App of the Month: iBlueButton 5.0
iBlueButton, an app for iTunes and Google Play that allows users to download or automatically receive updates in their health records on their computer or mobile device with participating providers, unveiled a few new features at this year's Consumer Electronics Show in Las Vegas. The app's latest version 5.0 is now enhanced with "caregiver" features that allow anyone to view, download, and share with doctors their own medical records, as well as those of loved ones, all via their smartphone or tablet. The service is free for the first month, and $2.99 per month after (or $19.99 per year).

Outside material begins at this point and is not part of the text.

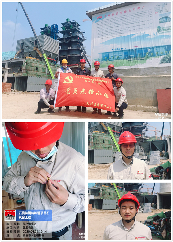 【概要描述】2020年6月,星辉平台公司总承包石横特钢石灰窑项目进入了攻坚阶段,土建、钢构、设备、电气及耐材砌筑队伍等近300人正全力以赴,加紧施工。 为了突出党员在工作中的带头作用,树立党员先锋形象,项目部决定成立党员先锋队。该工作得到了业主及监理公司的肯定和支持。2020年6月21日,由星辉平台、石横特钢、鲁冶监理公司石灰窑项目部的党员组成的党员先锋队正式成立。 戴党徽、亮身份、树先锋,党员先锋队将在今后

Helping Patients Reduce Stress
Are you doing all you can to help patients manage stress? Chances are, it's working, suggests evidence from a recent study. The study, "A Stressed Nation: Americans Search for a Healthy Balance," is based on a survey of more than 1,130 Americans ages 18 and older and 463 healthcare providers representing a variety of specialties and disciplines. According to the study, conducted by TeleVox and Kelton Research:
• 91 percent of healthcare providers said their patients could do a better job of managing their stress.
• 66 percent of providers said that e-mails, text messages, or phone calls with personalized tips from doctors between visits would help patients better manage their stress.
• 66 percent of patients would be interested in and/or happy to receive communications from their doctor with stress-management tips.